INSTRUCTIONS FOR THE TASK: Repeat the lines below exactly as they appear, but leave out the images.

SUPPLIED MATERIAL:

********************

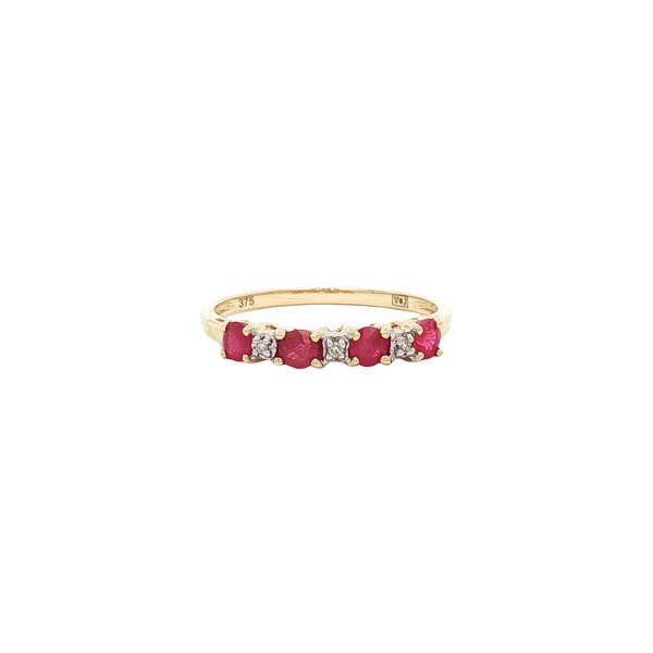 | Stone type: | Ruby 4x 2.7 mm and Diamond 3x 0.005 ct. (0.015 ctw.) |
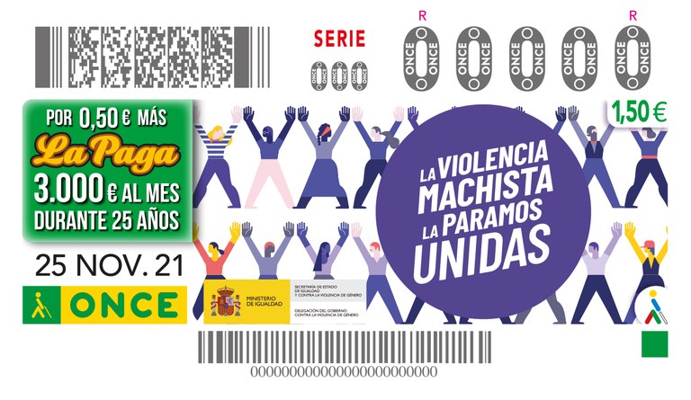 Presentación del cupón dedicado al Día Internacional contra la Violencia de la Mujer, cuyo eslogan "La Violencia machista la paramos unidas", aparece en los 5,5 millones de cupones del sorteo del día 25 de noviembre.
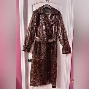 Fashion Nova Leopard Print Trench Raincoat Size XL

********************

SOLUTION TO THIS PROBLEM:
 | Stone type: | Ruby 4x 2.7 mm and Diamond 3x 0.005 ct. (0.015 ctw.) |
 Presentación del cupón dedicado al Día Internacional contra la Violencia de la Mujer, cuyo eslogan "La Violencia machista la paramos unidas", aparece en los 5,5 millones de cupones del sorteo del día 25 de noviembre.
 Fashion Nova Leopard Print Trench Raincoat Size XL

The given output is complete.